[[ Source information open ]]

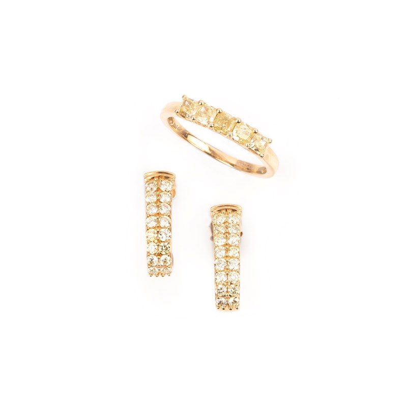 A diamond ring and pair of earrings, comprising: a ring set with a sequence of five radiant-cut diamonds of yellow tint, mounted in 14ct gold, size P1/2, British hallmarks for 14ct gold, maker's mark SD; and a pair of earrings, each pavé-set with brilliant-cut diamonds of pale yellow tint, mounted in 9ct gold, length 1.7cm each, post fittings, British hallmarks
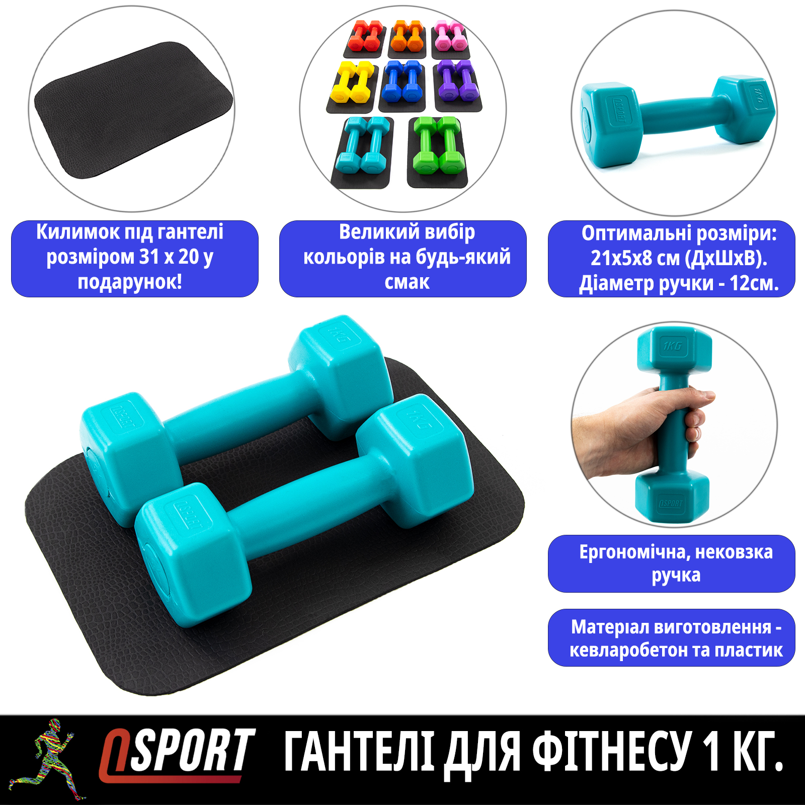 - Комплектация: Гантели 2 шт + коврик
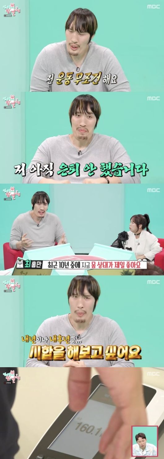 방송시청후작성된리뷰기사입니다.[OSEN=임혜영기자]최홍만이최상의몸상태라고밝혔다.11일방송된MBC‘전지적참견시점’(이하전참시)에는최홍만과‘장사천재조사장’조서형셰프가출연했다.이날방송에서최홍만의제주생활이공개되었다.떡집아르바이트를마친최홍만은운동을하러나섰다.최홍만은“무조건운동을한다.안하면잠을잘수가없다.저아직은퇴안했다.최근10년중몸상태가제일좋다.내년,내후년쯤시합을해보고싶다”라고말했다.최홍만은운동전체중계에올랐고160kg몸무게를본후“많이나가네”라고말했다.그는“전성기때체지방이8%였다”라고말해놀라움을자아냈다.운동을하던최홍만은체한듯표정이좋지않았다.매니저는최홍만이몸이안좋을때운동으로컨디션조절을한다고밝혔다.최홍만은운동을하다가기구를망가뜨린적이있다고밝히기도.양세형,유병재를너무나도손쉽게들어감탄을자아냈다./[email protected][사진]MBC‘전지적참견시점’Copyright©OSEN.무단전재및재배포금지.
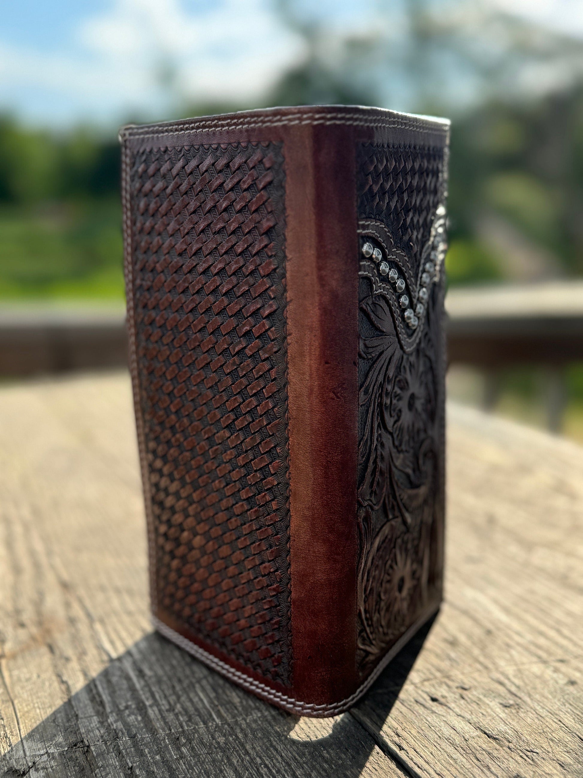 Features: Genuine Leather, Fully Tooled with basketweave and floral designs. Snap closure, 15 card slots, id slot, 4 cash/receipt slots.
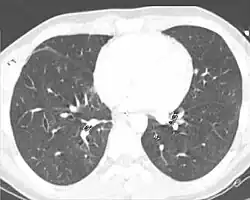 - ^ Donnelly LF (2002). "CT of Acute pulmonary infection/trauma". In Strife JL, Lucaya J (eds.). Pediatric Chest Imaging: Chest Imaging in Infants and Children. Berlin: Springer. p. 123. ISBN 3-540-43557-3.
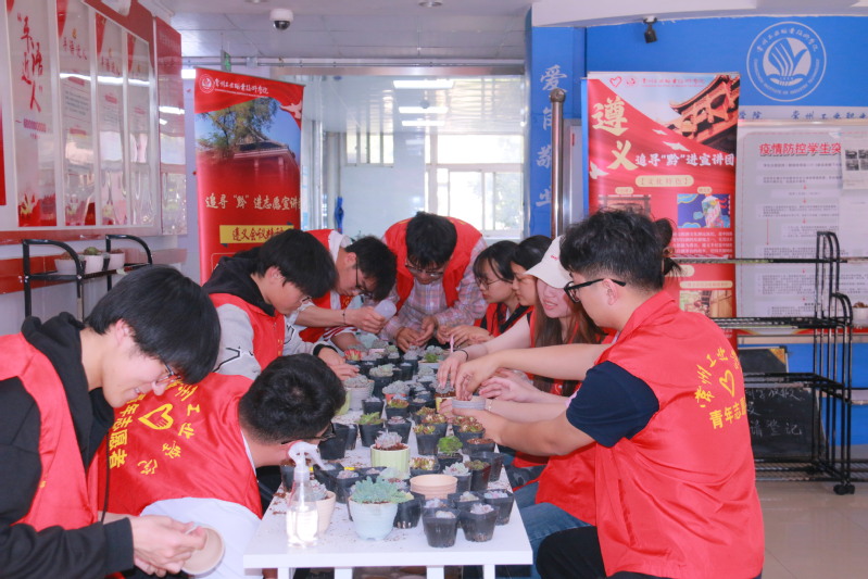4月10日,機械與交通學院追尋“黔”進志愿宣講團聯合綠之源協會在“一站式”學生社區舉辦“紅綠相映·薪火相傳”主題實踐活動。活動通過手工制作多肉植物微景觀與紅色精神宣講相結合的形式,吸引了百余名學生參與,在勞動實踐中傳遞生態環保理念,在歷史回望中賡續遵義會議精神。
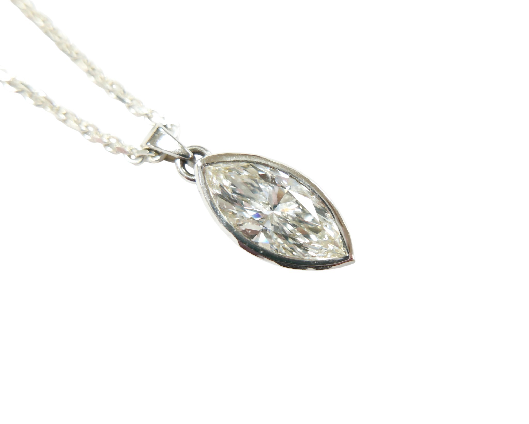 A large navette cut diamond pendant, stone 8.5 by 5 by 16mm ...
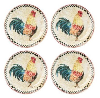 Country Rooster Melamine 6" Appetizer Plates, Set of 4

[[ Source information closed ]]

_Exercise instructions_
Would you transcribe all of the data exactly, apart from its pictures?

_Result below_
 A diamond ring and pair of earrings, comprising: a ring set with a sequence of five radiant-cut diamonds of yellow tint, mounted in 14ct gold, size P1/2, British hallmarks for 14ct gold, maker's mark SD; and a pair of earrings, each pavé-set with brilliant-cut diamonds of pale yellow tint, mounted in 9ct gold, length 1.7cm each, post fittings, British hallmarks
 - Комплектация: Гантели 2 шт + коврик
 방송시청후작성된리뷰기사입니다.[OSEN=임혜영기자]최홍만이최상의몸상태라고밝혔다.11일방송된MBC‘전지적참견시점’(이하전참시)에는최홍만과‘장사천재조사장’조서형셰프가출연했다.이날방송에서최홍만의제주생활이공개되었다.떡집아르바이트를마친최홍만은운동을하러나섰다.최홍만은“무조건운동을한다.안하면잠을잘수가없다.저아직은퇴안했다.최근10년중몸상태가제일좋다.내년,내후년쯤시합을해보고싶다”라고말했다.최홍만은운동전체중계에올랐고160kg몸무게를본후“많이나가네”라고말했다.그는“전성기때체지방이8%였다”라고말해놀라움을자아냈다.운동을하던최홍만은체한듯표정이좋지않았다.매니저는최홍만이몸이안좋을때운동으로컨디션조절을한다고밝혔다.최홍만은운동을하다가기구를망가뜨린적이있다고밝히기도.양세형,유병재를너무나도손쉽게들어감탄을자아냈다./[email protected][사진]MBC‘전지적참견시점’Copyright©OSEN.무단전재및재배포금지.
 Features: Genuine Leather, Fully Tooled with basketweave and floral designs. Snap closure, 15 card slots, id slot, 4 cash/receipt slots.
 - ^ Donnelly LF (2002). "CT of Acute pulmonary infection/trauma". In Strife JL, Lucaya J (eds.). Pediatric Chest Imaging: Chest Imaging in Infants and Children. Berlin: Springer. p. 123. ISBN 3-540-43557-3.
4月10日,機械與交通學院追尋“黔”進志愿宣講團聯合綠之源協會在“一站式”學生社區舉辦“紅綠相映·薪火相傳”主題實踐活動。活動通過手工制作多肉植物微景觀與紅色精神宣講相結合的形式,吸引了百余名學生參與,在勞動實踐中傳遞生態環保理念,在歷史回望中賡續遵義會議精神。
 A large navette cut diamond pendant, stone 8.5 by 5 by 16mm ...
 Country Rooster Melamine 6" Appetizer Plates, Set of 4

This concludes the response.